Is there a possibility to request this feature, like we have pages.jsonl fille, also to get resources.jsonl fille for assets such as JS, CSS, PDF or any other and so we can filter it with flags perhaps ?
I am using that for testing purposes and so if one asset if 404 then it has to be addressed immediately
I will be happy to support and contribute towards the project by Sponsoring :) if that is something that can be achieved
Looking forward to hearing back!
Hi @Dooriin, sorry for the delayed response! This is something we're actually looking into now as we develop features around assisted crawl QA in Browsertrix Cloud.

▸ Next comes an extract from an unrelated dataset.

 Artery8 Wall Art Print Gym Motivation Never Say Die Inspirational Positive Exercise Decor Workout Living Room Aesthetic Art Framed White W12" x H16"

We have a PR merged in the dev-1.0.0 branch that lists out the page resources and their status codes as records inside the WARC files. You can see an example here: https://github.com/webrecorder/browsertrix-crawler/issues/457.

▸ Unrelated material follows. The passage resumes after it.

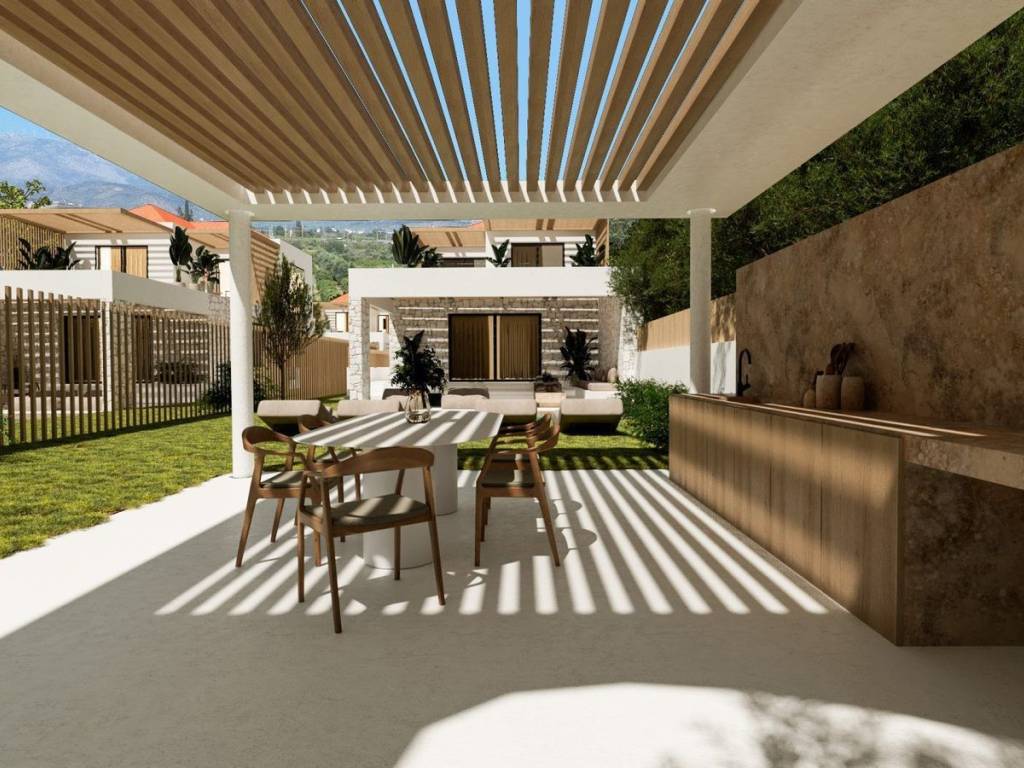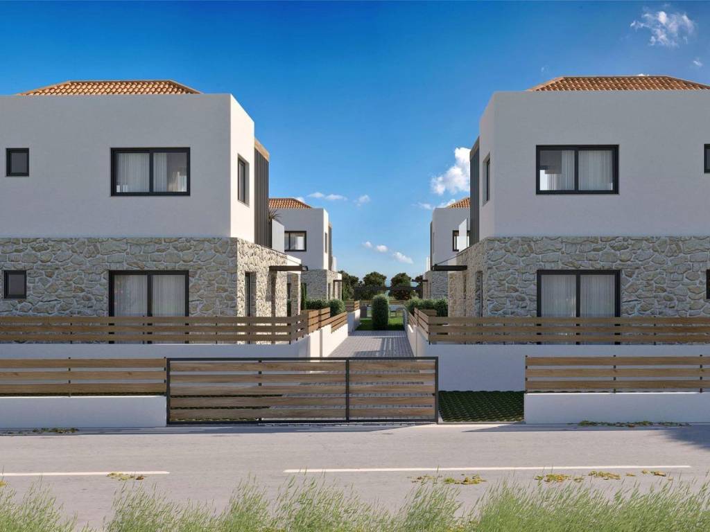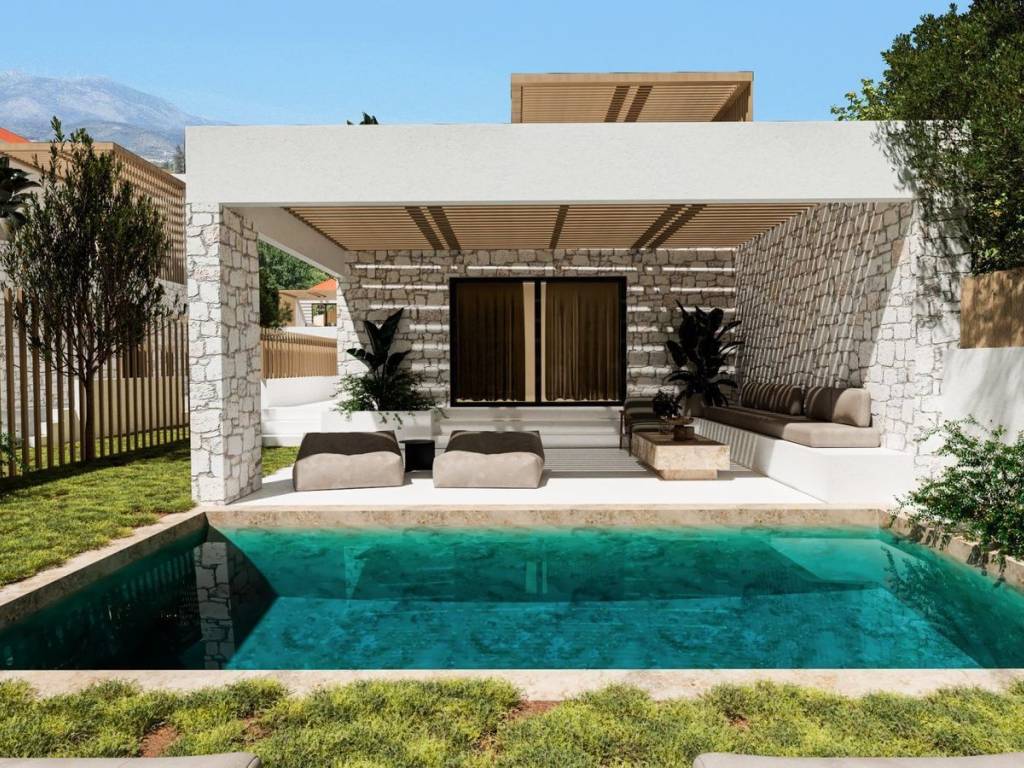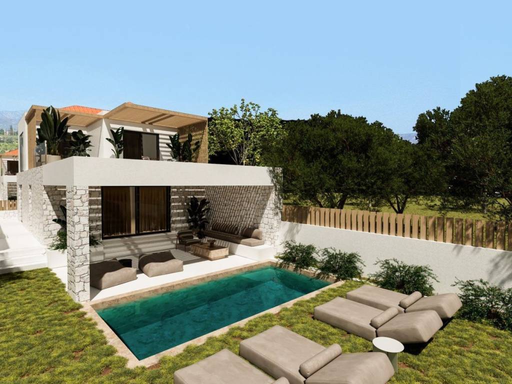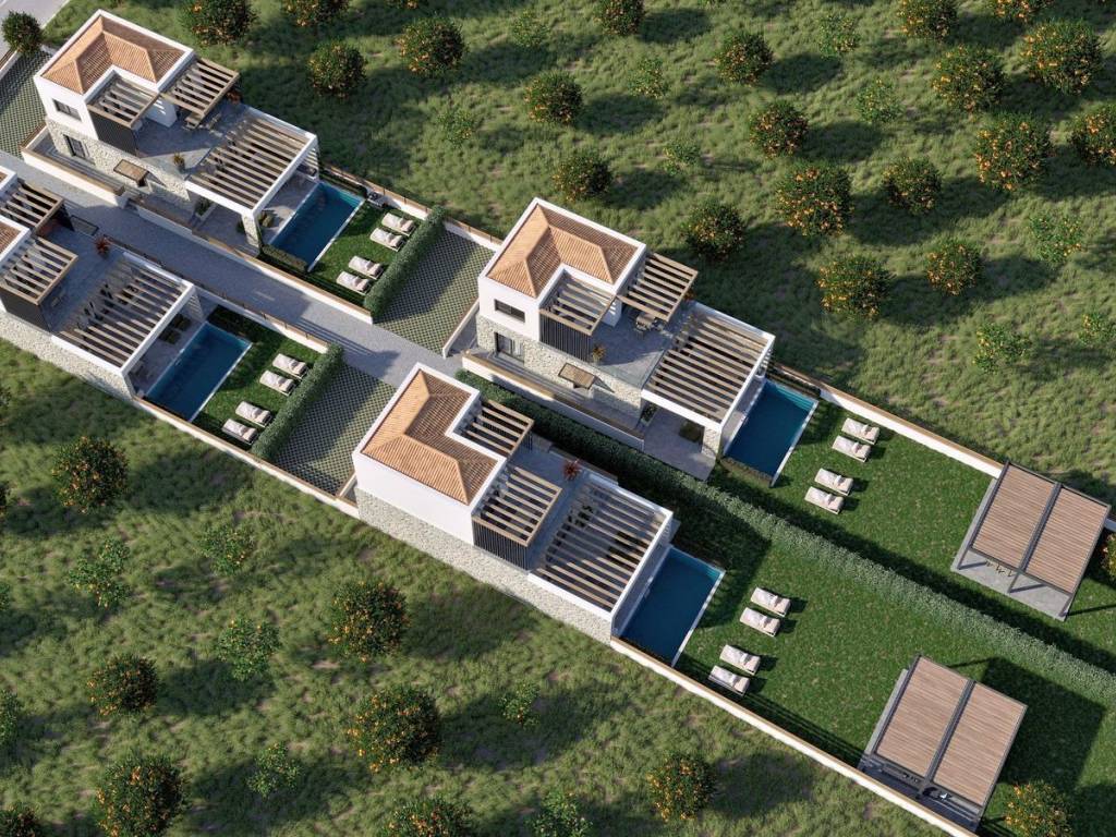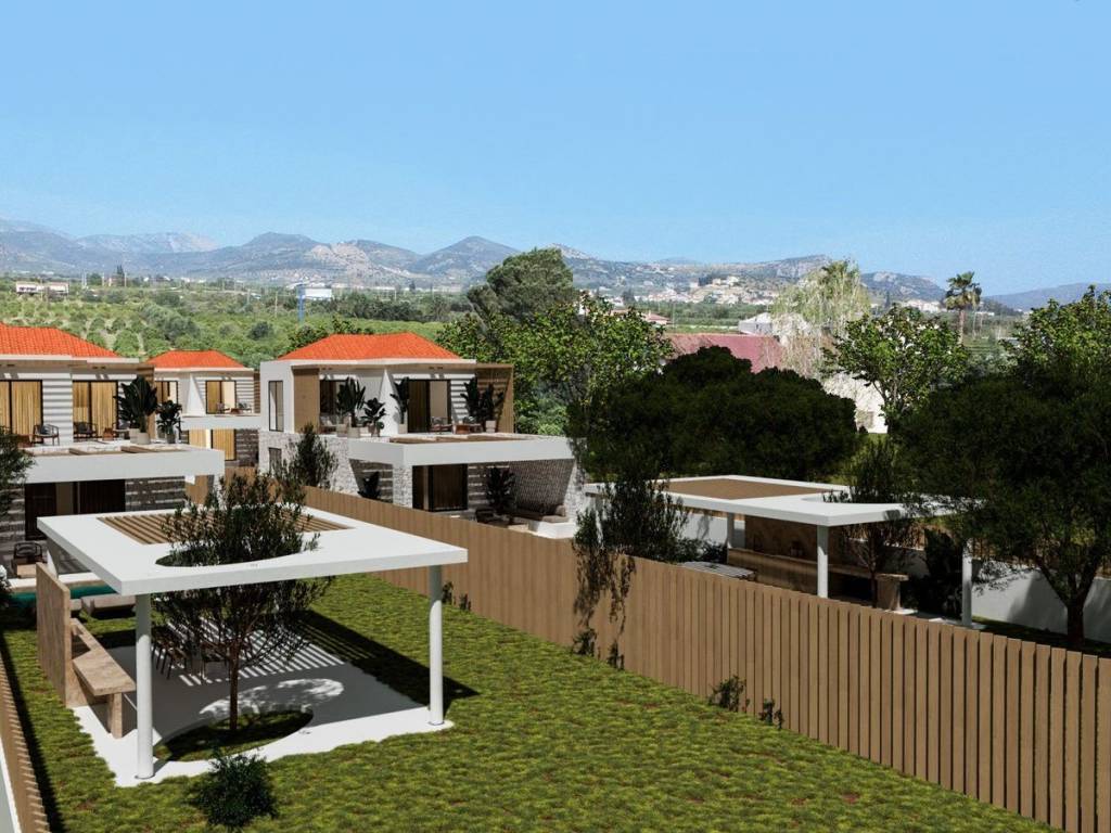 Where orange trees stretch toward the sun and the air carries the sweetness of citrus, a quiet life unfolds minutes from Nafplio. Situated outside the village of Nea Tiryntha, this four-villa complex offers comfort, privacy, and a relaxed way of living in the Peloponnese. Only a 12-minute drive from the historic town of Nafplio, the location blends the tranquillity of the countryside with convenient access to one of Greeceâs most charming coastal destinations.Each villa is thoughtfully designed, offering approx. 100 sqm of living space spread over two floors. On the ground floor, youâll find an open-plan kitchen, living, and dining area, along with one bedroom and a bathroom with a shower. From here, large doors open out to a wooden pergola with an outdoor seating and dining area, which flows seamlessly into the 18 sqm private pool, perfect for enjoying the warm Peloponnesian sun.

I'm wondering if that would help with your use case. It's possible that we could add an argument to the crawler to add these urls to the pages.jsonl (or a similar resources.jsonl as you suggest) if it'd be helpful to have it exposed at a higher level in the WACZ than inside the WARC files, that's just convenient for us in how we plan to handle QA runs.
@Dooriin Can you explain more what you're looking for? We will soon have the CDXJ index generated while the crawl is running, so you can also peek in the tmp-cdx directory to get a list of all the resources captured. We could also add more extended logging if you want to parse the container stdout, for each URL that is being retrieved, that is also doable.

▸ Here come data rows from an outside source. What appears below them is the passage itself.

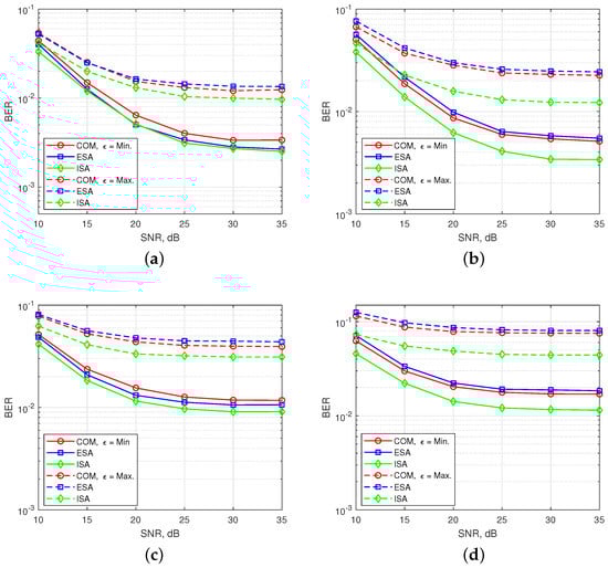 In Figure 10, BER performances are obtained for 2-nd user under time and power misalignment. In Figure 10a,b, only time misalignment between the users is considered. As seen in the Figure 10a, ISA with (, ) has the best BER performance, but with a slight difference from ESA for . Edge subcarrier activation probability for ESA is higher in comparison to COM and ISA, as shown in Figure 6. Therefore, ICI coming from adjacent users to the 2-nd user further increases for ESA. For , the difference between the performances of SMS-s is more obvious and ESA has the worst performance. COM has a slight better BER performance than ESA as observed in the Figure 8b. ISA offers a much better BER performance for maximum time misalignment, since it has the smallest edge subcarrier activation probability associated with the lowest ICI. In Figure 10b, OFDM-IM with subblock parameters (, ) is simulated. The performance of both ESA and COM become much worse than in Figure 10a. For ISA with (, ), subcarrier usage probability is more localized around the middle subcarriers than in the case of ISA with (, ), as shown in Figure 6. Moreover, equiprobable activation properties of ESA causes a destructive effect on the BER performance due to non-uniform distribution of ICI. For COM, less activation probability of one edge provides better protection against ICI caused by asynchronism between the users in time. In Figure 10c,d, power difference between the users is also considered as well as time offset. The advantages of ISA against asynchronous transmission impairments are much more visible with the increase of ICI. Not only power difference but also increased number of active subcarriers within the OFDM-IM subblock results in higher ICI. Therefore, ISA mapping scheme plays a key role for larger subcarrier activation ratio of in asynchronous mMTC networks.
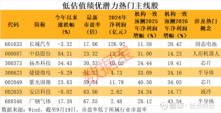 7只低估值绩优潜力热门主线股出炉
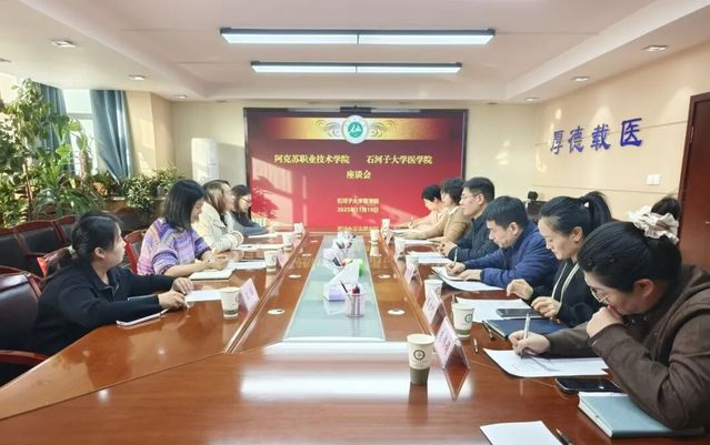 11月19日,阿克苏职业技术学院色情导航 党总支书记刘萍一行赴色情导航 交流座谈。院长马克涛,副院长王良海、左彭湘及护理学系、教办、学办负责人参加座谈会。

Hi @ikreymer I am using your product as a testing tool. Crawling through the application, getting all the URLs and then making sure they are all functioning and are returning 200
What I was wondering if, there's a way to add few features such as. Getting all assets such as js and css for each page and make sure they are also 200. Was curious if there's a way to add like an array, for each page what assets it has or something like that
I am mostly referring to crawls/collections/xxx/pages/pages.jsonl file. Would be great to have parent url next to the crawler url
Hi @ikreymer I am using your product as a testing tool. Crawling through the application, getting all the URLs and then making sure they are all functioning and are returning 200
This tool is really designed for archiving, not testing, and we have special formats intended for storing and replaying archived data at a later time. If your goal is just testing and ensuring correct status code, I'd suggest using something like Playwright which is designed specifically for that use case, see: Playwright Response Interception You might find that to be easier to use for what you're trying to do.
What I was wondering if, there's a way to add few features such as. Getting all assets such as js and css for each page and make sure they are also 200. Was curious if there's a way to add like an array, for each page what assets it has or something like that
We do generate a urn:pageinfo:<url> record in the WARC file that contains all the resources on the page, but again, this is designed to be used as an archival format, not for testing.
Closing as this has mostly been answered.
@ikreymer Thanks for your reply! The main reason I use this tool is to crawl through the application, as we have over 1000+ pages.
I will keep that in mind!